Вокруг становилось все темнее, несмотря на луну, поднявшуюся над деревьями. Джунгли обступали деревню шевелящейся массой, в которой, казалось, таятся невидимые существа. Я понимал, почему индусы населяли леса всевозможными духами. Трудно было не поддаться страху, глядя на эти бескрайние дебри, окружающие человека.

Мы решили оставить костер гореть, а сами заперлись в хижине, несмотря на духоту. Колючий куст уже не казался надежной преградой. Потянулись часы ожидания. О том, чтобы спать, речи не шло — мы сидели, вооружившись, и прислушивались, не донесутся ли снаружи те странные звуки, которые неведомая тварь издавала предыдущей ночью. Я подозревал, что она приходила на разведку и наверняка учуяла, что в деревне кто-то появился. Живой. Возможно, на этот раз она приведет остальных, и они предпримут попытку добраться до нас. Я не боялся. Мне казалось, что хижина надежно защищает нас от нападения любых животных. Жители индийских деревень строят дома из толстых стеблей бамбука и тростника, а затем в несколько слоев обмазывают стены глиной, которая, высыхая на солнце, приобретает недюжинную прочность.
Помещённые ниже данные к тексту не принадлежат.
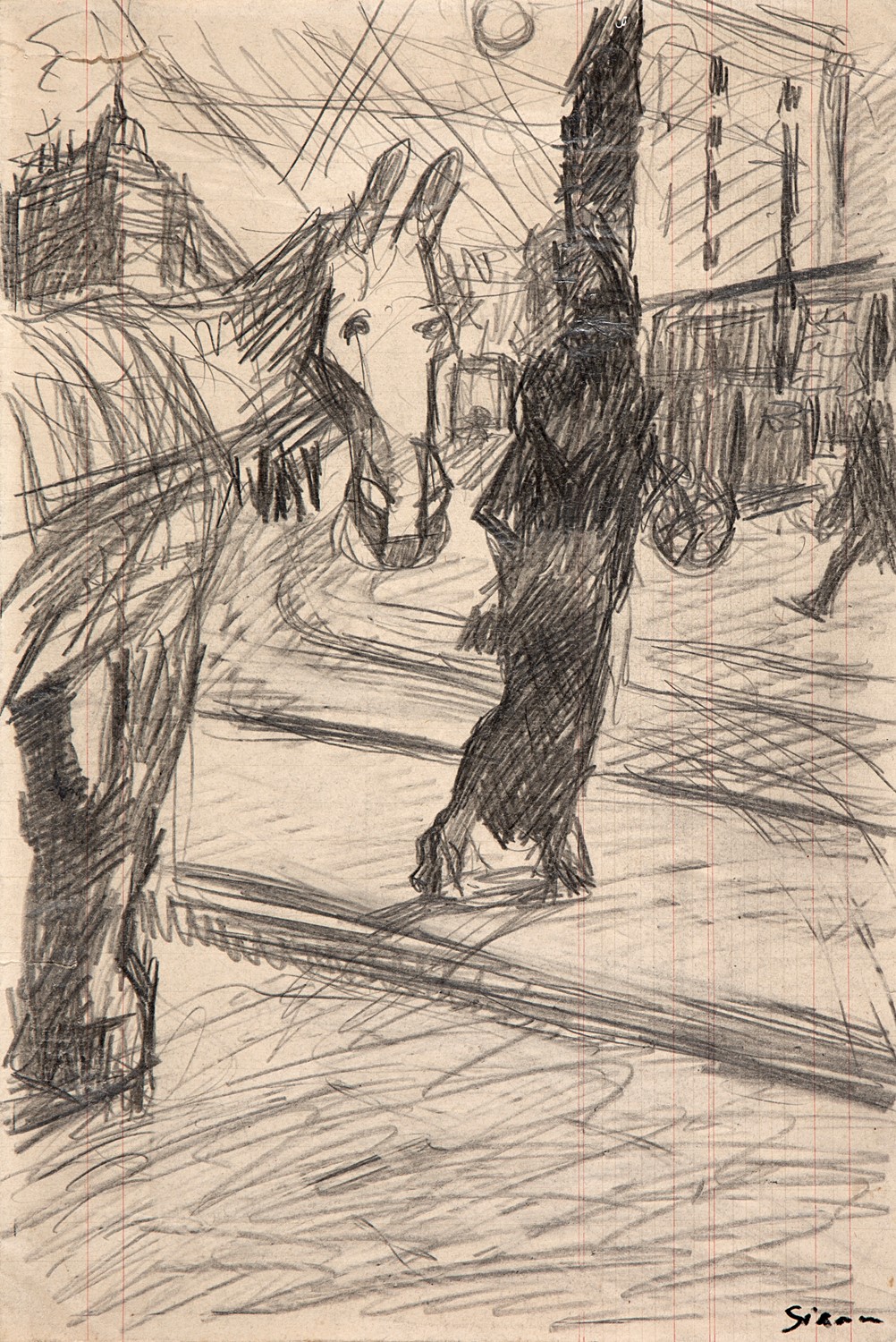 Mario Sironi Paesaggio urbano con cavallo 1916 ca matita su carta di registro cm 31x21

Собственно, мы решили бодрствовать, потому что мне хотелось взглянуть на зверей, расправившихся с жителями целой деревни. Хотя подозреваю, что Амрит, несмотря на свою безусловную храбрость, боялся сомкнуть глаза.

Спустя полтора часа снаружи послышались шорохи. Какое-то живое существо бродило вокруг, учуяв нас. Я подошел к маленькому окошку (его размер не составлял в диагонали даже двух пядей) и осторожно выглянул. Луна хорошо освещала деревню, но сначала мне не удалось никого увидеть. Справа послышался глухой скрежет: зверь провел когтями по стене нашей хижины. Он заурчал — низко, мурлыкающе, но почти сразу звук стал выше, задребезжал и оборвался. Да, это была та же тварь, что приходила предыдущей ночью. Я ждал, чтобы она показалась. Я подумал, что смог бы даже выстрелить в нее из окна.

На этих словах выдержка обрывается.